I agree with this to a point and eventually the prices will settle down, probable 20 or 30 cents lower than now and as usual the public will think prices have dropped and be dumbly happy. On the other had, until someone can come up with a vehicle with enough torque to pull my pontoon boat up a steep slippery ramp or pull a trailer across a field with hay or firewood, then I have no choice but have a large truck. Not everyone is driving big trucks or suv's because they think they are cool or because they love them. Can you imagine four hunters driving across the state to g/o's camp, carrying all their hunting gear, clothes and guns in a Honda civic.


----------



## rap (Mar 26, 2002)

i think ethanol and biodeisel are very encouraging sources of energy. helps our farmers and our dependence on foreign oil. there are numerous biodeisel and ethanol plants going up across the nation, many in nd. i work at the ndsu research center in minot and we have a tractor that has been running on 100% canola the whole season... e-85 is another great product and very cheap, at the moment... we need to keep pursuing these non-petroleum products as well as others such as hydrogen and electric cars..


----------



## muskat (Mar 5, 2002)

I agree with you Gohon, in both your statements. 
We will see a 10-15% decrease in gas prices by this fall, but the trend will continue upward in the future.

I also own a Pick-up, and utilize it for similar functions that you do. It is my realization now that if I want to play, I will have to pay. However, over the past 10 years, the SUV craze has really risen, with "soccer moms" turning to larger SUV's instead of the old trust minivan in many cases.


----------



## mudstud (Nov 30, 2004)

north14,

It's probably been 1972 since there's been a gas "war" in Minot!!


----------



## g/o (Jul 13, 2004)

Gohon, I sorry you feel I did not understand your problem. But is it the EPA's problem that the cummins didn't pass? They took the easy way out detuned it. Remember in the 70's when they detuned the cars to pass epa standards? They dropped the compression ratio and so went the milage. Is it the mfg.'s fault or EPA's? Now I like you can not get get by with a rice burner. I need a pickup so I know what your saying there. By the way sevaeral Honda Accords been here but no civics yet.


----------



## Gohon (Feb 14, 2005)

My wife has a Honda Accord. Last three cars she has bought new were Accords so as you see she likes Honda's. Its a good car, gets decent mileage and has been virtually maintenance free. But, I hate driving that thing. I feel like I'm sitting on a porta-potti with a blanket over my head every time I get in it. :lol:


----------



## mr.trooper (Aug 3, 2004)

live2hunt said:


> Mr. Trooper:
> 
> what is up with your signature?? It doesn't make sense?

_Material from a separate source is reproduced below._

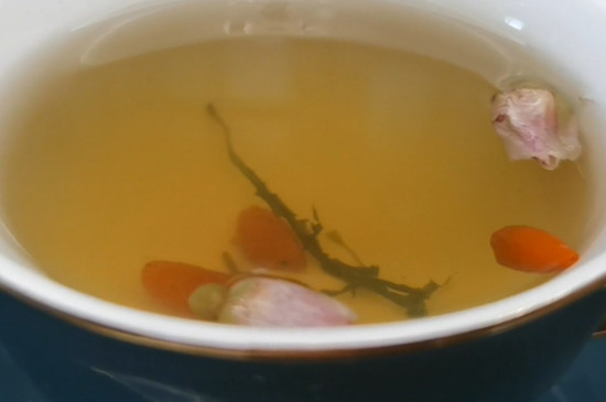 蒲公英茶可以搭配金银花茶,将玻璃杯用沸水烫洗干净后,把4g蒲公英茶和3g金银花茶投入玻璃杯中,注入85~90℃的沸水,耐心等候3分钟即可品饮。

Its an OLDE internet gag. It was a little video clip from an old video game. these guys were on the bridge of some space ship, and the video screen pops up and the bad guys says: "Good evening gentlemen. You are on the way to destruction. All your base are belong to us. HA-HA-HA!". What follows is a slideshow of a bunch of rediculous stuff, all somehow containing the words "ALL your base".


----------



## njsimonson (Sep 24, 2002)

Mr.Trooper -

How DARE you misquote this piece of internet legend!! :wink:

For interested parties, view this LINK at newgrounds.com to see the 2001 phenomenon that swept the country, or at least the internet dorks of the country.

*SOMEONE SET UP US THE BOMB!!!!

You have no chance to survive...make your time.*


----------